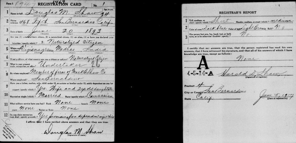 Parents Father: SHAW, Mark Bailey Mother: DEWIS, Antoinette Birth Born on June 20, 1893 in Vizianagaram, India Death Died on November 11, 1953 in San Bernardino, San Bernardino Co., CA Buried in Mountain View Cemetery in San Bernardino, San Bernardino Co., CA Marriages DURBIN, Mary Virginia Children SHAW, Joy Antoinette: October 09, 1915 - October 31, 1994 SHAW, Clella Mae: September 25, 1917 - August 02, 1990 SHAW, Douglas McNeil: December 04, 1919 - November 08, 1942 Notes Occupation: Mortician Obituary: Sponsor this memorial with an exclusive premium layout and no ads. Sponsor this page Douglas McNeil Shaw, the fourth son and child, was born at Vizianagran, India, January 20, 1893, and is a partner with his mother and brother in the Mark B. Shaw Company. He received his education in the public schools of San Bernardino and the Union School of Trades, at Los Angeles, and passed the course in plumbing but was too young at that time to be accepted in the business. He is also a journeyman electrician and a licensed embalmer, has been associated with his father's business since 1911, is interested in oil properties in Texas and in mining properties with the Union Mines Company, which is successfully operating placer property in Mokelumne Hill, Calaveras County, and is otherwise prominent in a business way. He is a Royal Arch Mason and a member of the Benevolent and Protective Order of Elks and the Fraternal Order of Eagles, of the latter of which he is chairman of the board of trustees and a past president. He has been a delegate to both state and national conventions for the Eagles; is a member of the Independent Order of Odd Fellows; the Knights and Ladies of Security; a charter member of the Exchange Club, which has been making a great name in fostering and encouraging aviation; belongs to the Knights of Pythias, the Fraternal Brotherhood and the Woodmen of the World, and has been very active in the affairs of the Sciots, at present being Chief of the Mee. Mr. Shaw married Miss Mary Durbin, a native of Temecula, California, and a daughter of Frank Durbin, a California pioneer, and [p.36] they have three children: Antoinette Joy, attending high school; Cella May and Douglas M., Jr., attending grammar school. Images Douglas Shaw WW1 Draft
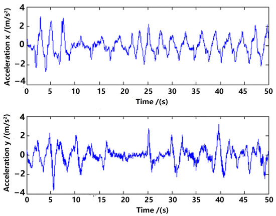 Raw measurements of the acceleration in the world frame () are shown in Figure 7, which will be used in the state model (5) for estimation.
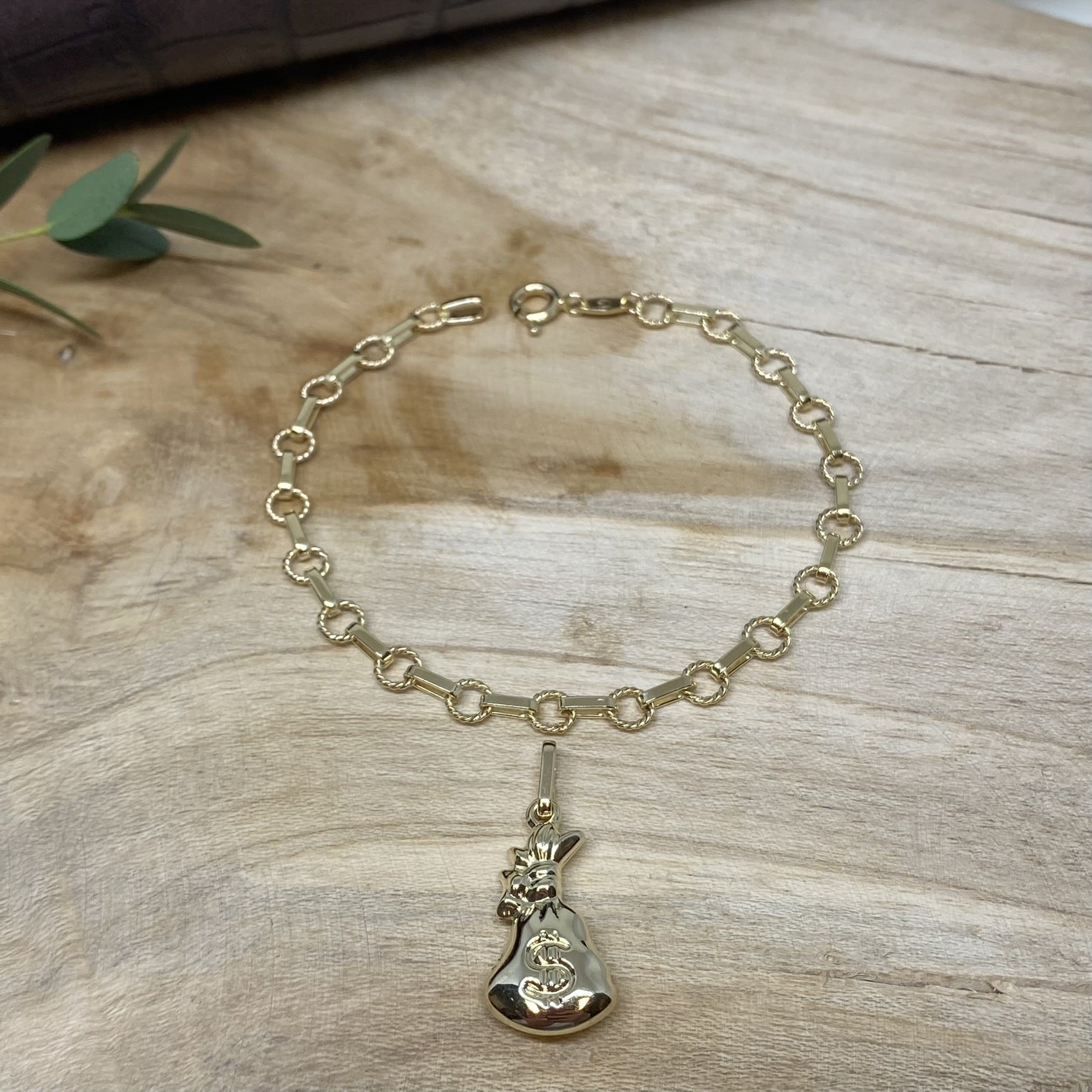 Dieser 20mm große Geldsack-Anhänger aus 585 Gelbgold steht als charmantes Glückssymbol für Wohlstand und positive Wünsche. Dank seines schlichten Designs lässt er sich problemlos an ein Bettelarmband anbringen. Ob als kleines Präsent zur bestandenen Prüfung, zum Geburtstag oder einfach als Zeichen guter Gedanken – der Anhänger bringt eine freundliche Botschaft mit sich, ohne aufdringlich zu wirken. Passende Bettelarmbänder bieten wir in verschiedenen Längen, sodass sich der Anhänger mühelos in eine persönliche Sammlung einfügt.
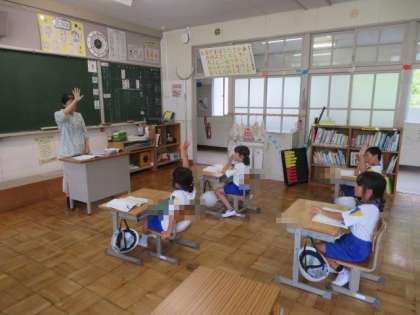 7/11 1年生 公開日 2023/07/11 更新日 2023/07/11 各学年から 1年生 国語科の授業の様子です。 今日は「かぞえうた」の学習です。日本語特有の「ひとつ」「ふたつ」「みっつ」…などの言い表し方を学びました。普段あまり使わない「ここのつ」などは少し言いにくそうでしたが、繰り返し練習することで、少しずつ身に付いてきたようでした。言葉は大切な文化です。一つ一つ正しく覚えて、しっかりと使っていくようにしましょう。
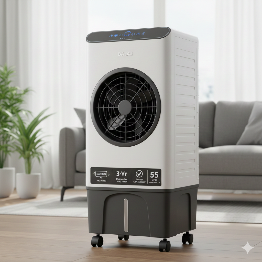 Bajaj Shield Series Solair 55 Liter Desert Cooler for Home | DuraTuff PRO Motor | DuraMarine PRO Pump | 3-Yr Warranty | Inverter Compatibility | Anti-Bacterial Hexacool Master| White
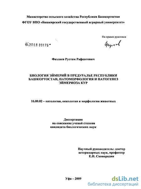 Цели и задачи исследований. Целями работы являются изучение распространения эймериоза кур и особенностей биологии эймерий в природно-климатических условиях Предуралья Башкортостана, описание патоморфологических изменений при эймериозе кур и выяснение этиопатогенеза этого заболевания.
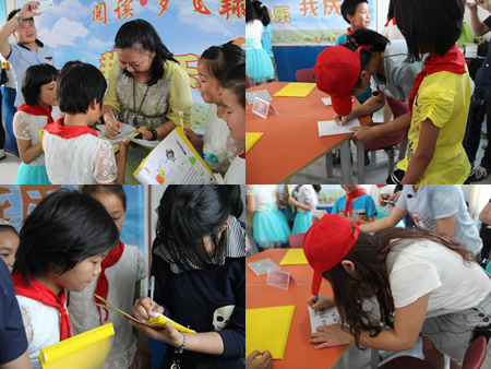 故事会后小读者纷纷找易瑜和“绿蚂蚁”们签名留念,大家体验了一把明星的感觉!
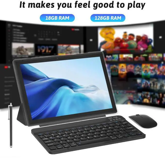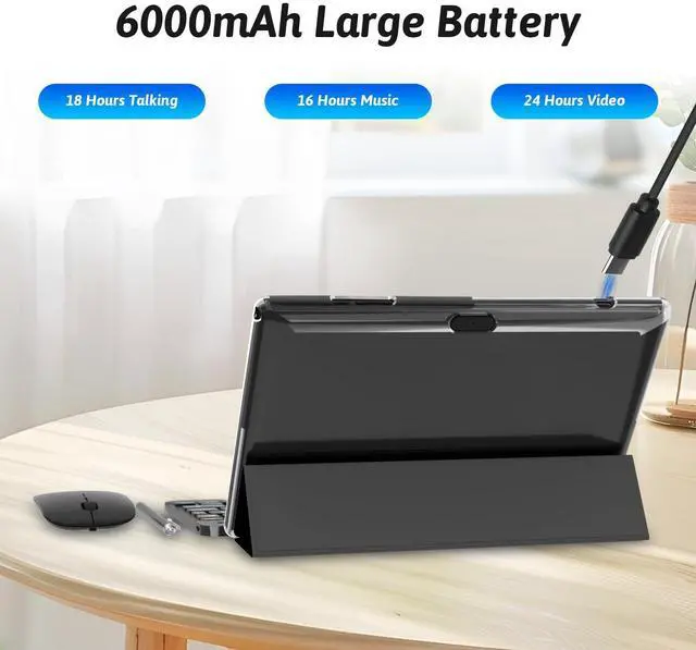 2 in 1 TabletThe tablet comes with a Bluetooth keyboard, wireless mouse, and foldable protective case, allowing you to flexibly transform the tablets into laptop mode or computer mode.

|---|

- **To do**
Leave out the pictures, and give all the records again exactly.

- **Answer below**
 Parents Father: SHAW, Mark Bailey Mother: DEWIS, Antoinette Birth Born on June 20, 1893 in Vizianagaram, India Death Died on November 11, 1953 in San Bernardino, San Bernardino Co., CA Buried in Mountain View Cemetery in San Bernardino, San Bernardino Co., CA Marriages DURBIN, Mary Virginia Children SHAW, Joy Antoinette: October 09, 1915 - October 31, 1994 SHAW, Clella Mae: September 25, 1917 - August 02, 1990 SHAW, Douglas McNeil: December 04, 1919 - November 08, 1942 Notes Occupation: Mortician Obituary: Sponsor this memorial with an exclusive premium layout and no ads. Sponsor this page Douglas McNeil Shaw, the fourth son and child, was born at Vizianagran, India, January 20, 1893, and is a partner with his mother and brother in the Mark B. Shaw Company. He received his education in the public schools of San Bernardino and the Union School of Trades, at Los Angeles, and passed the course in plumbing but was too young at that time to be accepted in the business. He is also a journeyman electrician and a licensed embalmer, has been associated with his father's business since 1911, is interested in oil properties in Texas and in mining properties with the Union Mines Company, which is successfully operating placer property in Mokelumne Hill, Calaveras County, and is otherwise prominent in a business way. He is a Royal Arch Mason and a member of the Benevolent and Protective Order of Elks and the Fraternal Order of Eagles, of the latter of which he is chairman of the board of trustees and a past president. He has been a delegate to both state and national conventions for the Eagles; is a member of the Independent Order of Odd Fellows; the Knights and Ladies of Security; a charter member of the Exchange Club, which has been making a great name in fostering and encouraging aviation; belongs to the Knights of Pythias, the Fraternal Brotherhood and the Woodmen of the World, and has been very active in the affairs of the Sciots, at present being Chief of the Mee. Mr. Shaw married Miss Mary Durbin, a native of Temecula, California, and a daughter of Frank Durbin, a California pioneer, and [p.36] they have three children: Antoinette Joy, attending high school; Cella May and Douglas M., Jr., attending grammar school. Images Douglas Shaw WW1 Draft
 Raw measurements of the acceleration in the world frame () are shown in Figure 7, which will be used in the state model (5) for estimation.
 Dieser 20mm große Geldsack-Anhänger aus 585 Gelbgold steht als charmantes Glückssymbol für Wohlstand und positive Wünsche. Dank seines schlichten Designs lässt er sich problemlos an ein Bettelarmband anbringen. Ob als kleines Präsent zur bestandenen Prüfung, zum Geburtstag oder einfach als Zeichen guter Gedanken – der Anhänger bringt eine freundliche Botschaft mit sich, ohne aufdringlich zu wirken. Passende Bettelarmbänder bieten wir in verschiedenen Längen, sodass sich der Anhänger mühelos in eine persönliche Sammlung einfügt.
 7/11 1年生 公開日 2023/07/11 更新日 2023/07/11 各学年から 1年生 国語科の授業の様子です。 今日は「かぞえうた」の学習です。日本語特有の「ひとつ」「ふたつ」「みっつ」…などの言い表し方を学びました。普段あまり使わない「ここのつ」などは少し言いにくそうでしたが、繰り返し練習することで、少しずつ身に付いてきたようでした。言葉は大切な文化です。一つ一つ正しく覚えて、しっかりと使っていくようにしましょう。
 Bajaj Shield Series Solair 55 Liter Desert Cooler for Home | DuraTuff PRO Motor | DuraMarine PRO Pump | 3-Yr Warranty | Inverter Compatibility | Anti-Bacterial Hexacool Master| White
 Цели и задачи исследований. Целями работы являются изучение распространения эймериоза кур и особенностей биологии эймерий в природно-климатических условиях Предуралья Башкортостана, описание патоморфологических изменений при эймериозе кур и выяснение этиопатогенеза этого заболевания.
 故事会后小读者纷纷找易瑜和“绿蚂蚁”们签名留念,大家体验了一把明星的感觉!
 2 in 1 TabletThe tablet comes with a Bluetooth keyboard, wireless mouse, and foldable protective case, allowing you to flexibly transform the tablets into laptop mode or computer mode.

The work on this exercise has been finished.